Milyonlarca emekçi işlerine devam etmek zorundaydı, ettirildi de. Tıklım tıklım ulaşım araçlarıyla gittikleri işlerinde dip dibe çalışmaya devam ettiler. Buna karşılık iktidarın temsilcileri her fırsatta çıkıp utanmadan “koronavirüse karşı elimizde büyük bir silah var; yakalanmamak” diyebildi. Hesap soramadık. Bu sürede emekçilere dağıtılıp “evlerinizde kalın ki şu salgından kurtulalım” denilmeyen paralar, yandaşların vergi borcunun sıfırlanmasında, Somali ve Pakistan gibi ülkelere verilen hibelerde, başta Saray ve Diyanet olmak üzere itibar bütçelerinde kullanıldı. O bolluktan bir tek emekçilere pay düşmedi. Hesap kapandı, kavga büyüyor ve sürüyor.

Şimdiyse yılbaşı kutlamanız, daha doğrusu yılbaşını bahane edip bir kutla yapmanız yasak. Erdoğan’ın dediği gibi “istihbarat”ın takibinde olacaksınız ve yasağa uymazsanız eviniz basılacak. Talimat verildi bir kere! Bunun yasal olmadığını, böyle bir hakları olamayacağını kendilerine ileten yok. Yıl kapanırken, son gün bile zaten kapanmamış hesaba yeni yeni maddeler ekleniyor. Hesap kabarıyor ve biz hesabı kapatmadan yeni bir yıla giriyoruz.

Çünkü örgütsüzüz. İktidarın gözünde bırakın hesap sormayı, soru sormaya bile yetkimiz yok. Bu ne hadsizlik, değil mi!

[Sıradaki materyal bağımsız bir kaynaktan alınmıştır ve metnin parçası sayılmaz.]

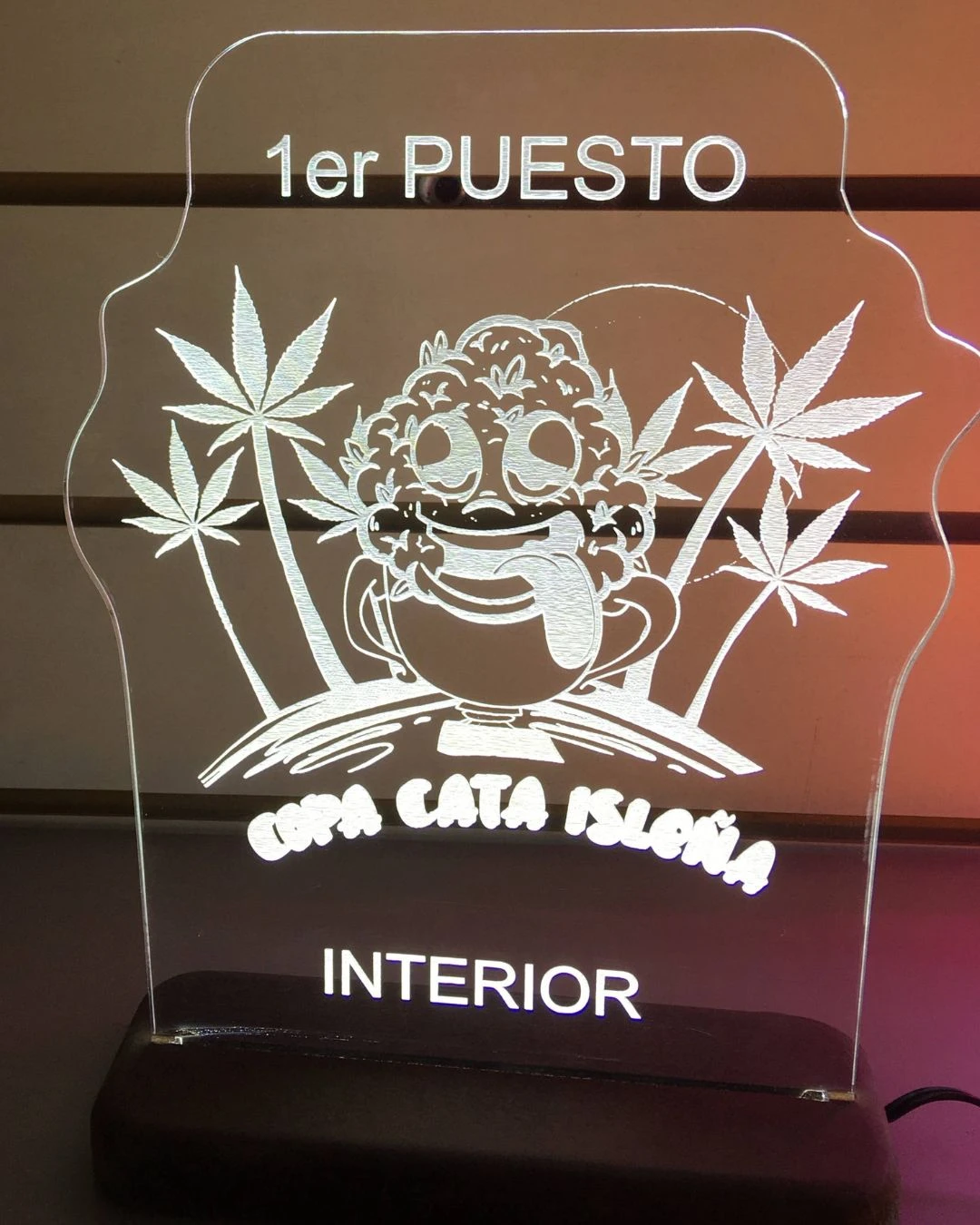 Acrilico con corte láser y grabado personalizado en base de madera con luz led interior que ilumina el premio desde abajo resaltando el diseño del mismo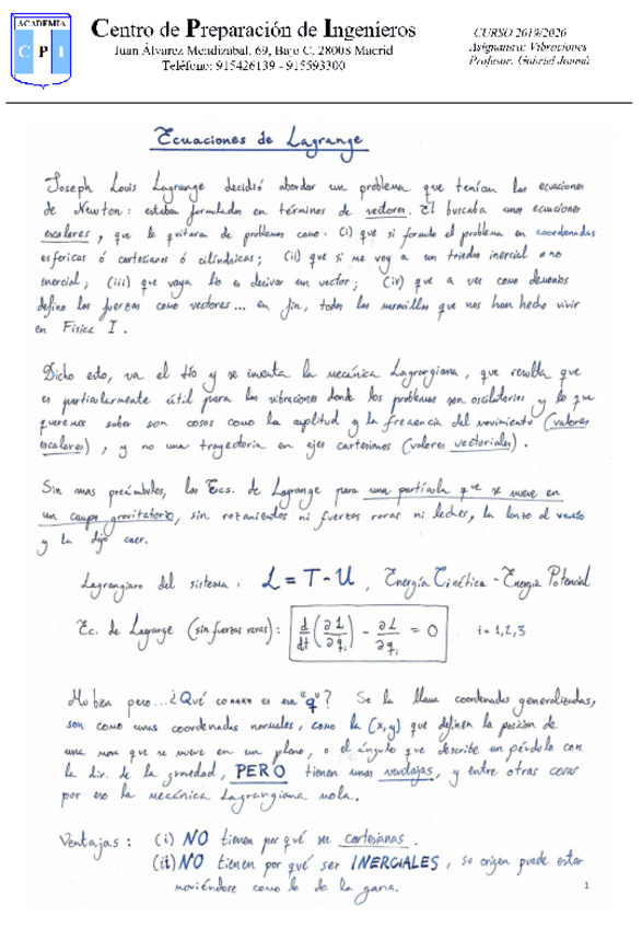 Teoría Ecuaciones Lagrange - CPI

İnsanlara çip takacaklarmış, aşılar insanları robot yapacakmış, bu büyük güçlerin oyunuymuş… Bunlar ve bunlar gibi komplo teorilerinin hiçbiri insanın örgütsüz, dolayısıyla da çıkışsız ve umutsuz olması kadar korkunç değil. Zaten hesap soramadığınız noktada, size isteyen isteyen şeyi yapar. Bırakın çipi…

Neyse ki… Bir umut var, 2021’e 2020’ye olduğundan daha güçlü giren. İşçi sınıfı, 2021’i sayısız direniş ve grevle karşılıyor. Patrondan, patrondan yana saf tutan iktidardan hesap soran işçiler, fabrika önlerinde yaktıkları direniş ateşleriyle emek düşmanı iktidarın da hesap sorulabilir olduğunu Türkiye’ye gösteriyor.

Umutsuzsanız, çıkış bulamıyorsanız açıp onların fabrika önlerinden paylaştıkları videoları izleyin. Fotoğraflarına, fotoğraflardaki o umutlu gözlere uzun uzun bakın. Mümkünse, yakınlarınızdaki bir işçi direnişini ziyaret edin. Boyun eğmek zorunda olmadığınızı fark edersiniz.

Kendime böyle bir döküm çıkardım, alacak hesaplamak da önemli. Sorduğunda eksik olmasın diye... İnsanca yaşayabileceğimiz, hesap sorabileceğimiz, boyun eğme virüsünü aklımızdan atabileceğimiz güzel yıllara.